Each and every line below goes into your answer unchanged, but leave out the images.

(Records excerpted from a collection)
----
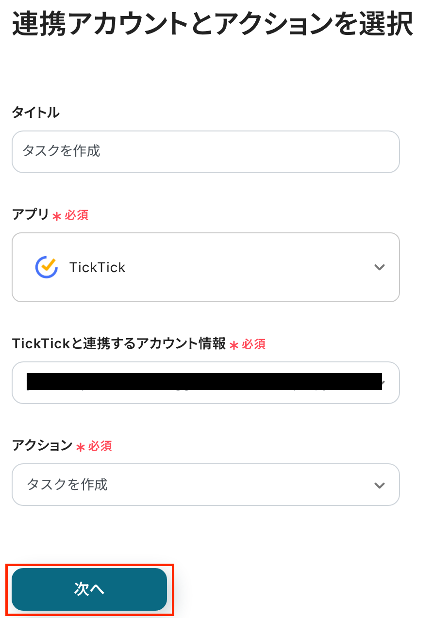 その上でTickTickにタスクを作成するアクション設定の際に、担当者や詳細を「タスク内容」の項目にマッピングすることが可能です。
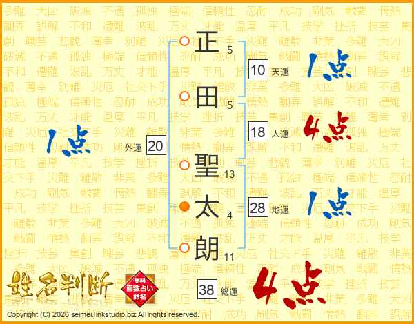 正(5画)田(5画) 聖(13画)太(4画)朗(11画)
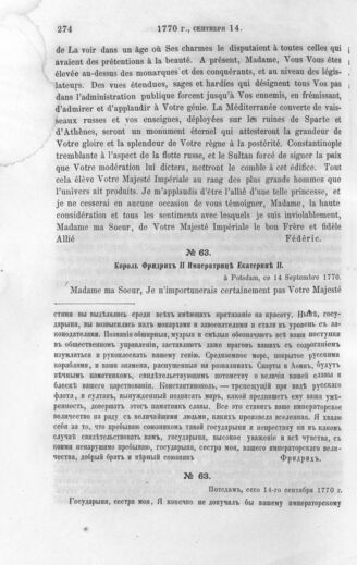 Король Фридрих II Императрице Екатерине II. Потсдам, 14 сентября 1770 г.
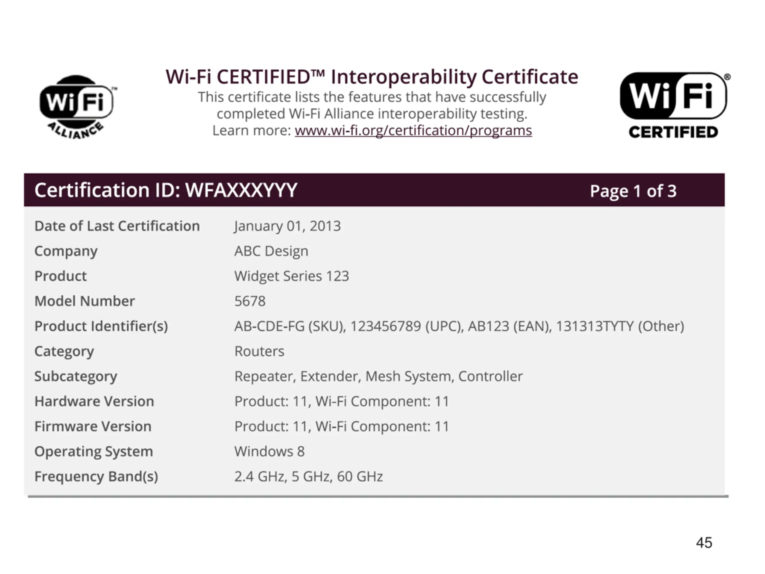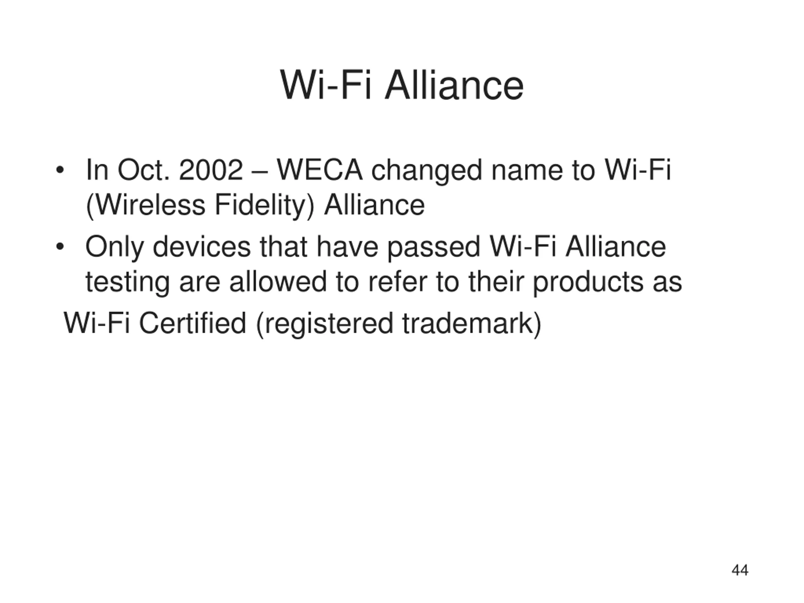 Wi-Fi Alliance In Oct. 2002 WECA changed name to Wi-Fi (Wireless Fidelity) Alliance Only devices that have passed Wi-Fi Alliance testing are allowed to refer to their products as Wi-Fi Certified (registered trademark) 44
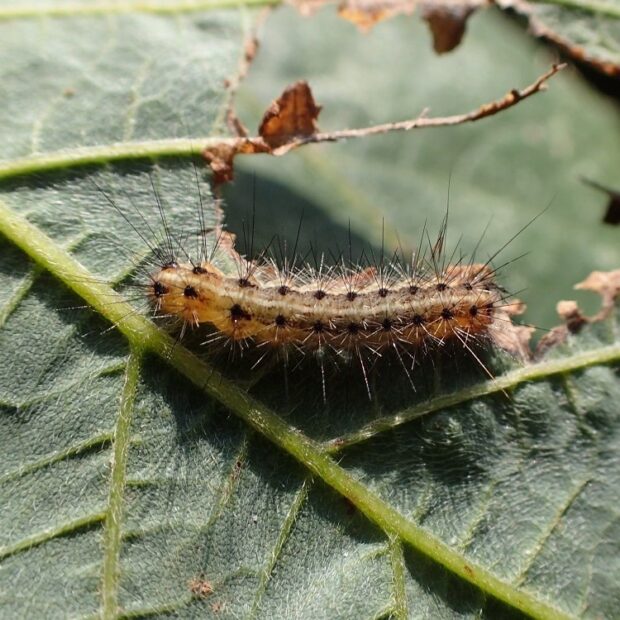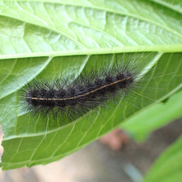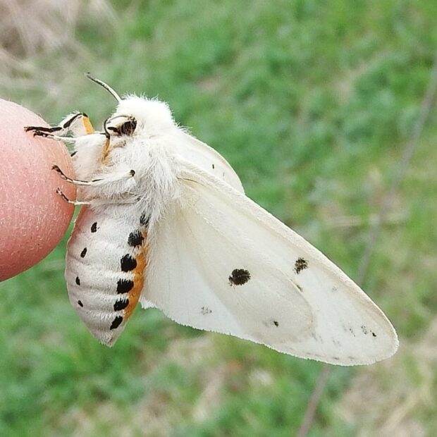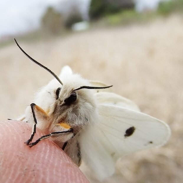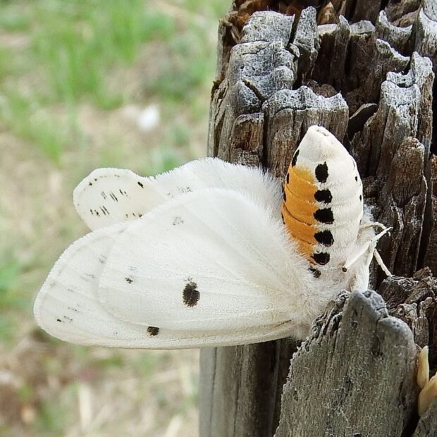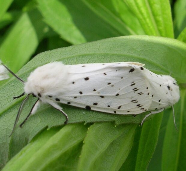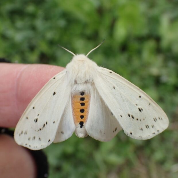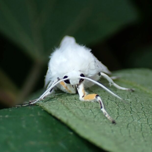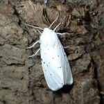お腹が黄色いヒトリガの仲間。 前ばねは白く、 黒い点が散らばっていますが、 この黒点には変異があり違いがみられます。 ゴマをまぶしたような模様から「ゴマダラ」と名づけられました。 明かりにやって来ます。
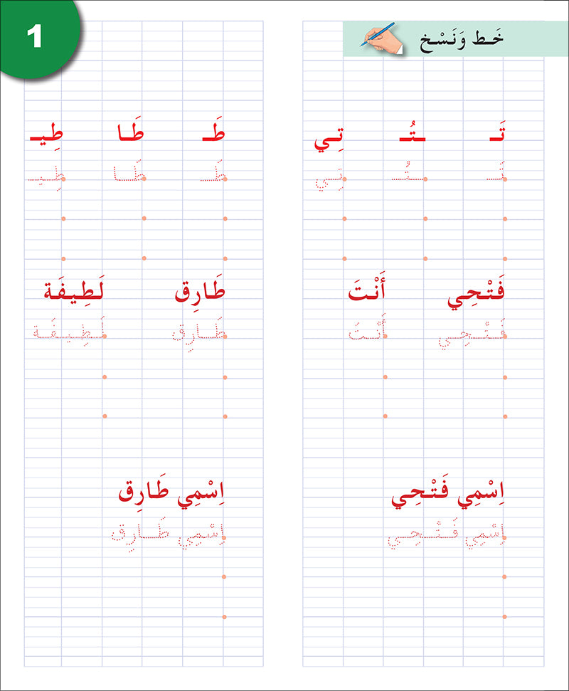 يتدرّب الطلاب من خلاله على كتابة الحروف العربية، ثم الكلمات والتعابير.
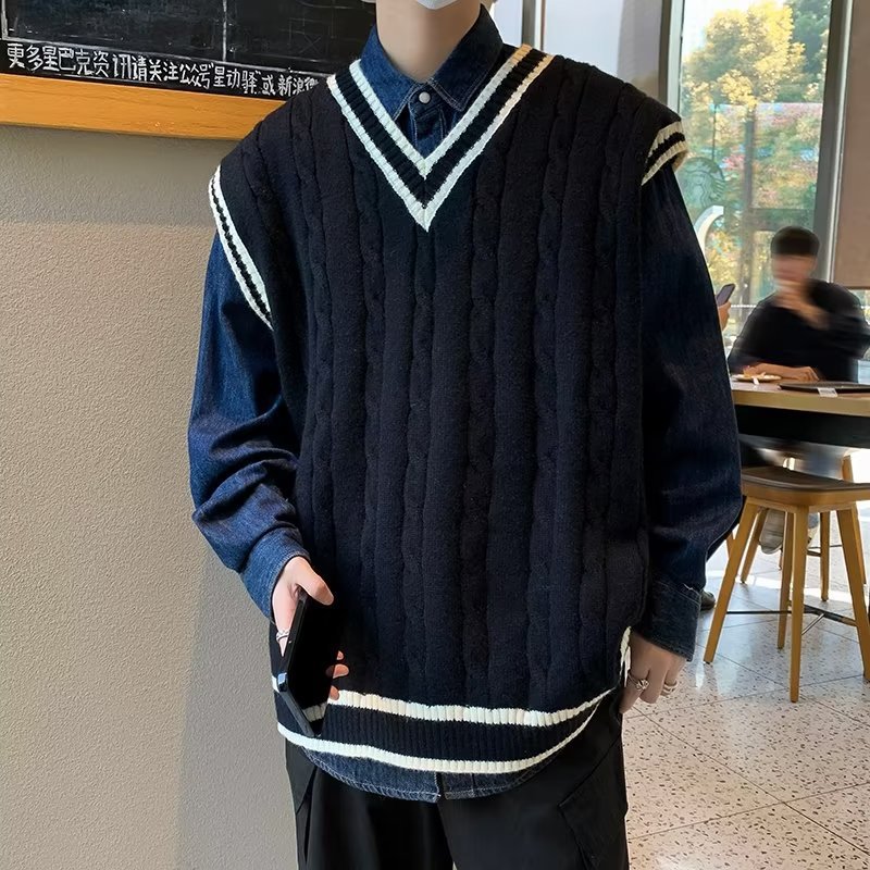 아메리칸 스타일 스웨터 조끼 남자의 가을과 겨울 Ins 패셔너블 루즈 V 넥 웨이슬 니트 일본 스타일 대학 스타일 조끼 스웨터
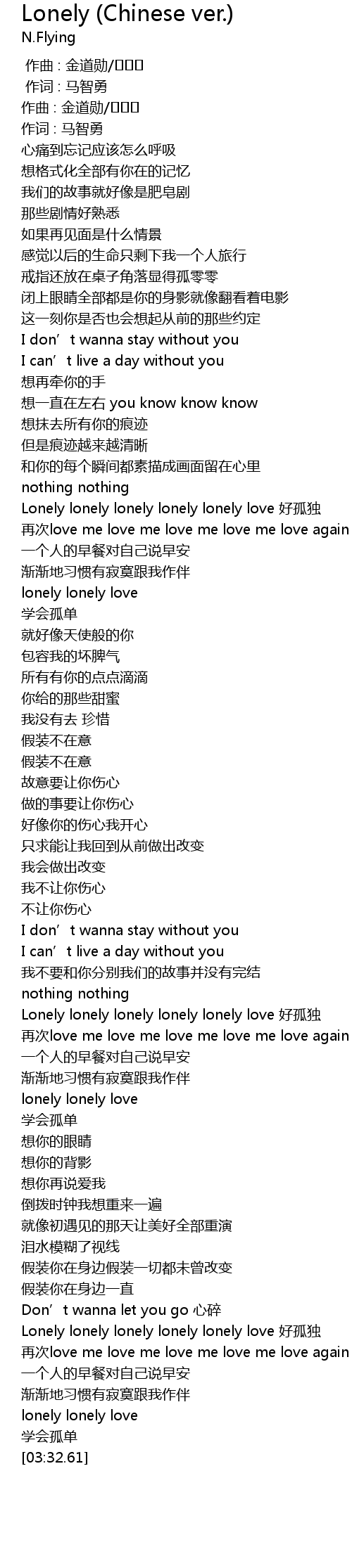 | [03:03.23] | Lonely lonely lonely lonely lonely love hao gu du |
----
◆ SOLUTION FOR THIS PROBLEM
 その上でTickTickにタスクを作成するアクション設定の際に、担当者や詳細を「タスク内容」の項目にマッピングすることが可能です。
 正(5画)田(5画) 聖(13画)太(4画)朗(11画)
 Король Фридрих II Императрице Екатерине II. Потсдам, 14 сентября 1770 г.
 Wi-Fi Alliance In Oct. 2002 WECA changed name to Wi-Fi (Wireless Fidelity) Alliance Only devices that have passed Wi-Fi Alliance testing are allowed to refer to their products as Wi-Fi Certified (registered trademark) 44
お腹が黄色いヒトリガの仲間。 前ばねは白く、 黒い点が散らばっていますが、 この黒点には変異があり違いがみられます。 ゴマをまぶしたような模様から「ゴマダラ」と名づけられました。 明かりにやって来ます。
 يتدرّب الطلاب من خلاله على كتابة الحروف العربية، ثم الكلمات والتعابير.
 아메리칸 스타일 스웨터 조끼 남자의 가을과 겨울 Ins 패셔너블 루즈 V 넥 웨이슬 니트 일본 스타일 대학 스타일 조끼 스웨터
 | [03:03.23] | Lonely lonely lonely lonely lonely love hao gu du |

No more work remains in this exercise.